İYİ Parti Genel Başkanı gazeteci Cüneyt Özdemir'in konuğu oldu. Korona Virüs Bilim Kurulu üyelerinin Cumhurbaşkanı Erdoğan'a tam karantina önerdiğini ve bunun Erdoğan tarafından kabul görmediğini belirten İYİ Parti Genel Başkanı Meral Akşener, "Sağlık Bakanlığı Korona Virüs Bilim Kurulu'nun, onların öyle dediklerini biliyoruz, tam karantina söyledikleri dakikada, bunun yerine getirilmesi gerekirdi. Ama Sayın Erdoğan bunu reddetti" dedi.
İYİ Parti lideri Akşener, "Biz Bize Yeteriz Türkiyem" kampanyasında Cumhurbaşkanı Erdoğan'ın Tekalif-i Milliye Emirleri'ni hatırlatmasına tepki göstererek, "Tekalif-i Milliye Emirleri ile Türkiye’nin bugün IBAN numarası vererek virüs için yardım toplaması arasında müthiş fark var. O gün Balkan ve Birinci Dünya savaşı bitmiş, Anadolu’nun büyük bir kısmı şehit ya da gazi olmuş ve üretimin durduğu bir dönemdi" ifadelerini kullandı.
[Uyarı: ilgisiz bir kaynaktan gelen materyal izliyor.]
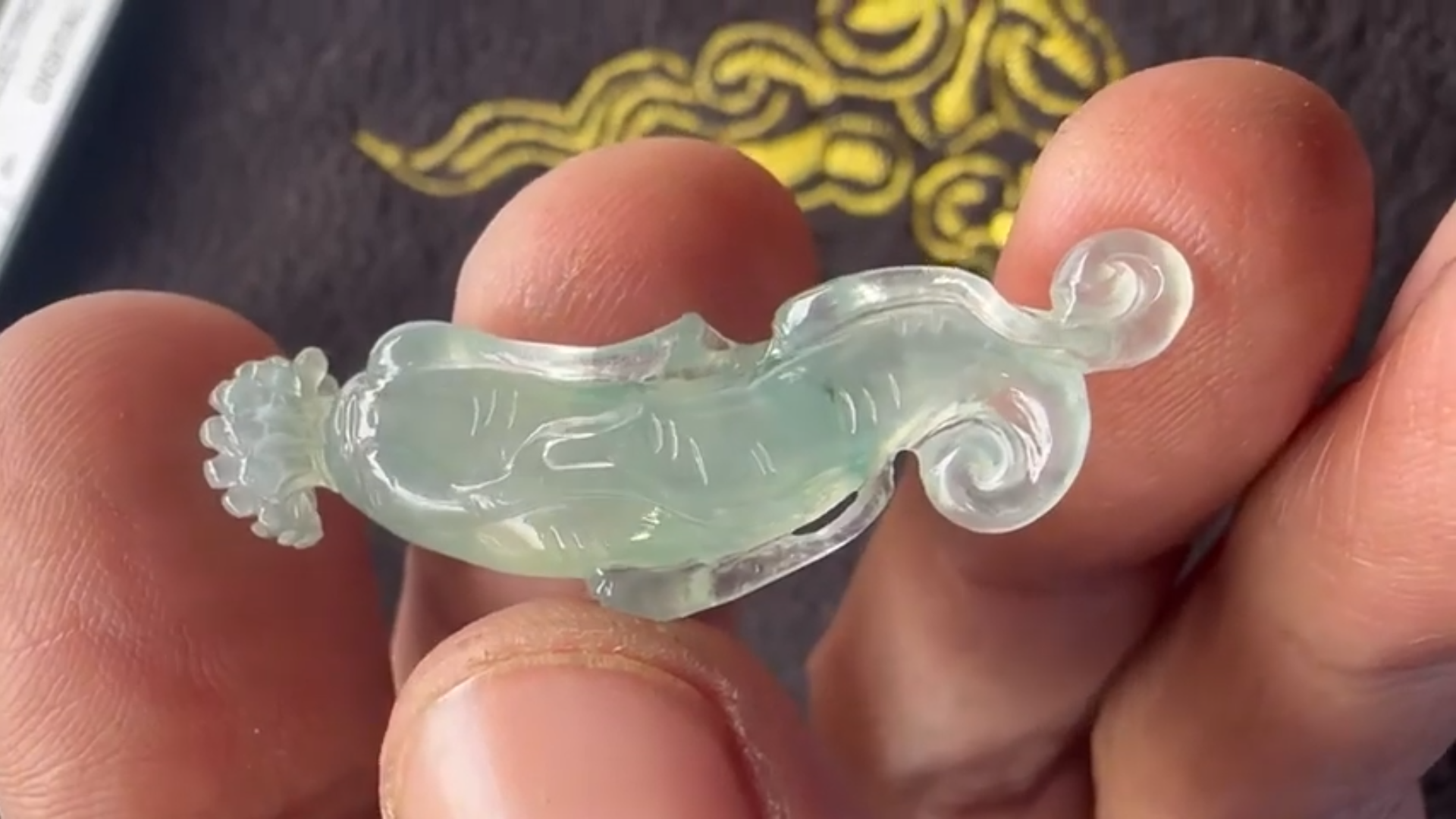 透明度が美しい、氷翡翠カービングのご紹介となります!

İYİ Parti lideri Akşener'in açıklamalarından öne çıkanlar şöyle:
"Sağlık Bakanının çok iyi niyetli olduğunu ve Bilim Kurulu’nu kurmasının çok önemli olduğunu söyleyen siyasi parti lideri benim. Şeffaf olmaya gayret gösterdi. Bilim insanlarını topladı ve günlük vatandaşa şeffaf bir biçimde açıklamalarda bulundu. Bu yönüyle takdirimi kazandı fakat; şimdi 18 yıldır AKP iktidarı hiç büyük bir problemle karşılaşmadılar. Yani 1999 depremi gibi bir afetle karşılaşılmadı. Dünyada olan ekonomik krizinin yansımaları dışında Türkiye büyük bir krizle karşılaşmadı. Bu virüs bir afet gibi bir salgın. Öncelikle samimiyetle söylüyorum bir acemilik görüyorum. İkincisi bizlere yönelik de alışmış oldukları bir dil var…Sayın Erdoğan özellikle. Bugüne kadar o dille vatandaştan çok kolay oy aldı vatandaşı kutuplaştırarak. Diğer taraftan düşman ilan etmenin getirdiği bir dille yol yürünüyor. Bunları problem olarak görüyorum."
"ACEMİ OLDUKLARI ORTAYA ÇIKTI"
"Bu dönem gerçekten sırt sırta verilmesi gereken bir dönem. Biz Sayın Erdoğan’ın düşmanı değiliz. AKP iktidarını da vatandaşımız seçti. Dolayısıyla yapılabilecek konularda bizimde bildiklerimizi paylaşmayı sürdürüyoruz ama yani kırmızı kuvvetler mavi kuvvetler dili devam ediyor. Acemi oldukları ortaya çıktı. Sizin dediğinizi yapmayacağım kardeşim diyerek ama sonrasında, muhalefet partisinin de akıllı önerileri var. Bunları bir paket olarak uygulanabilir olanlarını hayata geçirmeleri bir ay sonrasından geliyor. Bu salgın krizini bütün olarak götürmek yerine birden fazla Türkiye adım atıyor durumu var"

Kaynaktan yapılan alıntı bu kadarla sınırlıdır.